Retype only the lines below from the one with "Beautiful natural Old" to the one with "Modern Reception Counter", inclusive, skipping every image.

◆ **EXCERPTED RECORDS**:
+===+
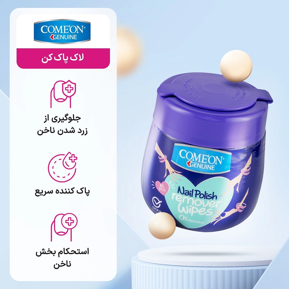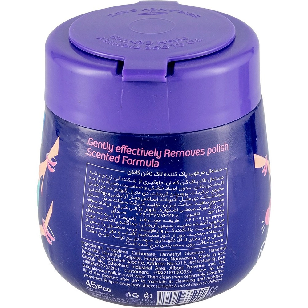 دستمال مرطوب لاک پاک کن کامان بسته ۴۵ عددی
+===+
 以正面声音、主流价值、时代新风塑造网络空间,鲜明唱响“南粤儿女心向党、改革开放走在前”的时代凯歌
+===+
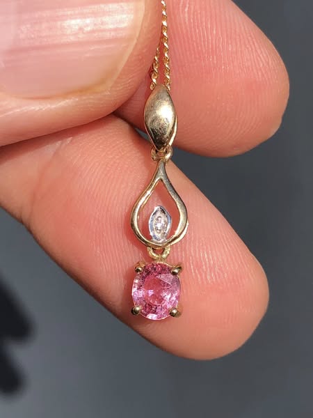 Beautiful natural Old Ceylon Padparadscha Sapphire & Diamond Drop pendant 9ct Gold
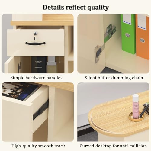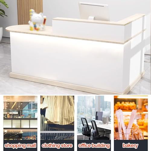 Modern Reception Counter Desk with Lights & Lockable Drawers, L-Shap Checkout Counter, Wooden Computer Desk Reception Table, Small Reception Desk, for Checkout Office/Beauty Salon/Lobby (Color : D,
+===+
◆ **SOLVED EXERCISE**:
 Beautiful natural Old Ceylon Padparadscha Sapphire & Diamond Drop pendant 9ct Gold
 Modern Reception Counter Desk with Lights & Lockable Drawers, L-Shap Checkout Counter, Wooden Computer Desk Reception Table, Small Reception Desk, for Checkout Office/Beauty Salon/Lobby (Color : D,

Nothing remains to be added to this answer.